# OT: Diamond pendant



## JohnHenry (Aug 9, 2006)

Is.12 carat respectable?


----------



## jorgy (Oct 21, 2005)

I'm not into diamonds, but .12 carats, eh, why bother?


----------



## il sogno (Jul 15, 2002)

Post a pic?


----------



## JohnHenry (Aug 9, 2006)

il sogno said:


> Post a pic?


You will have to dial the drop down menu to the size.

I looked at a size chart, seems a little smallish, but it looks way nice to me.

I need a lady viewpoint though

Tiffany & Co. | Item | Elsa Peretti® Diamonds by the Yard® necklace in platinum. | United States


----------



## litespeedchick (Sep 9, 2003)

JohnHenry said:


> You will have to dial the drop down menu to the size.
> 
> I looked at a size chart, seems a little smallish, but it looks way nice to me.
> 
> ...


YES! Very nice gift. Those Elsa Peretti "diamonds by the yard" things are gorgeous. I've been thinking of trying to have a copy made by a local jeweler to reset the little diamonds in a passe cocktail ring. It's true that .12 is not going to be a very large diamond.
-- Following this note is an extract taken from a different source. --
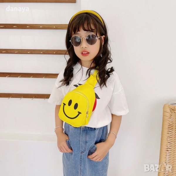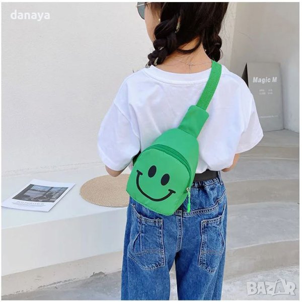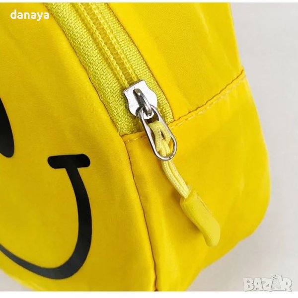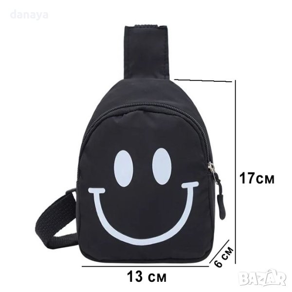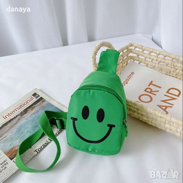 Малка, но много симпатична раничка за момчета или за момичета. Раницата е с форма на усмихнато лице в различни цветове. Малка чанта за рамо с едно основно отделение и регулираща се дръжка. Супер лека! В нея ще се събере всичко най-необходимо за една разходка – телефон, ключове и портмоне. Раницата е идеална за разходки, каране на колело, спортуване и игри на открито, когато детето има нужда само от най-необходимите вещи.

I had my original engagement ring which was .4 made into a pendant, and it's not exactly huge. (same husband, btw, just upgraded the ring)
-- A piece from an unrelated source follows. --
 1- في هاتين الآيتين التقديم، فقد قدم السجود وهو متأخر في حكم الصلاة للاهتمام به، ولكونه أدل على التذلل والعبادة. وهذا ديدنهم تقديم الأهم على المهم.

If the lady is a jewelry fan, she knows that the platinum is worth far more than the stone anyway. If you're not sure she knows/cares, you might want to consider silver instead of platinum. I have a couple of those Tiffany heart necklaces in silver and it's really hard to tell the difference. Anything in that blue box should be well received ;-)


----------



## jorgy (Oct 21, 2005)

I like the necklace style. As I said, I'm not a diamond person, so I'd probably rather have a less 'precious' stone that is bigger. So hard to tell how big the necklace will actually be from the pics though. And if it's all about the box...


----------



## il sogno (Jul 15, 2002)

Nice!

p.s. Diamonds are never OT here.


----------



## Kernyl (Dec 23, 2011)

I like it. Personally I don't like "big rocks", they get in the way. Simple and elegant like this is beautiful I think.


----------



## litespeedchick (Sep 9, 2003)

Kernyl said:


> I"big rocks", they get in the way.


I was sitting in a beach bar one day w/ a girlfriend and this big group of guys is sitting next to us. One leans over to me and says "that's the biggest diamond I've ever seen" and the whole table cracks up. His one buddy goes "that is the WORST pick up line I've ever heard"


----------